### Task to complete
Each line below must be set down exactly; omit any image you find.

### Dataset excerpt
========================

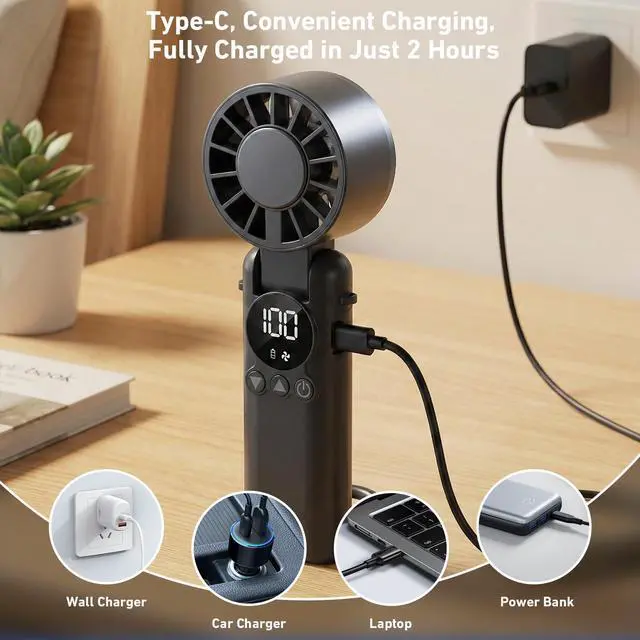 Smart LED Display & Fast ChargingStay fully informed with the smart LED digital display on this personal fan. Check real-time battery level and current speed gear at a glanceno more sudden power-offs! When it's time to recharge, the USB-C fast charging gets you to full power in just 2-3 hours. Perfect for girls and boys who need reliable performance, this rechargeable mini fan ensures you're always ready for daily travel or school.
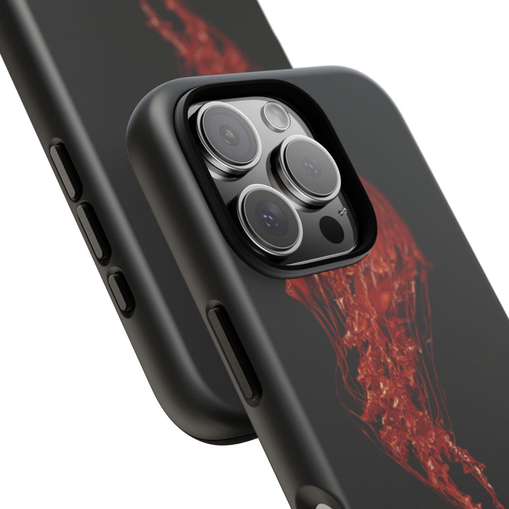 Dit hoesje heeft een opvallende afbeelding van een gedetailleerde rode kwal met sierlijke tentakels op een effen zwarte achtergrond. Het minimalistische ontwerp benadrukt de levendige rode kleur en de fijne structuur van de kwal. Het matte hoesje bestaat uit een stevige polycarbonaat buitenkant en een TPU binnenlaag, wat zorgt voor dubbele bescherming en ondersteuning van draadloos opladen. Het hoesje is duurzaam en bestand tegen gebruik buitenshuis.
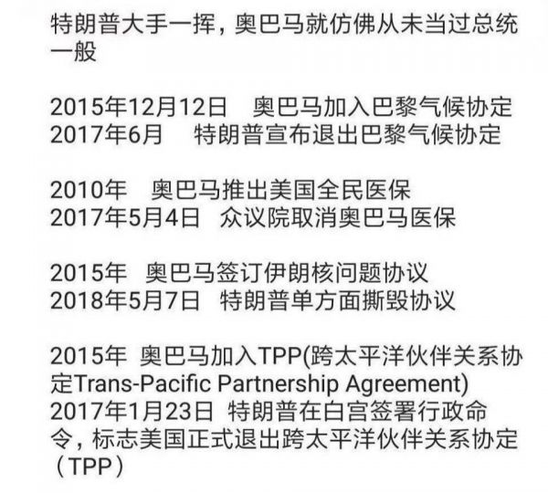 这也不是特朗普第一次由于担心美国利益受损而“退出群聊”了。有网友总结,特朗普大手一挥,奥巴马就仿佛从未当过总统一般。

========================

### Problem solution
 Smart LED Display & Fast ChargingStay fully informed with the smart LED digital display on this personal fan. Check real-time battery level and current speed gear at a glanceno more sudden power-offs! When it's time to recharge, the USB-C fast charging gets you to full power in just 2-3 hours. Perfect for girls and boys who need reliable performance, this rechargeable mini fan ensures you're always ready for daily travel or school.
 Dit hoesje heeft een opvallende afbeelding van een gedetailleerde rode kwal met sierlijke tentakels op een effen zwarte achtergrond. Het minimalistische ontwerp benadrukt de levendige rode kleur en de fijne structuur van de kwal. Het matte hoesje bestaat uit een stevige polycarbonaat buitenkant en een TPU binnenlaag, wat zorgt voor dubbele bescherming en ondersteuning van draadloos opladen. Het hoesje is duurzaam en bestand tegen gebruik buitenshuis.
 这也不是特朗普第一次由于担心美国利益受损而“退出群聊”了。有网友总结,特朗普大手一挥,奥巴马就仿佛从未当过总统一般。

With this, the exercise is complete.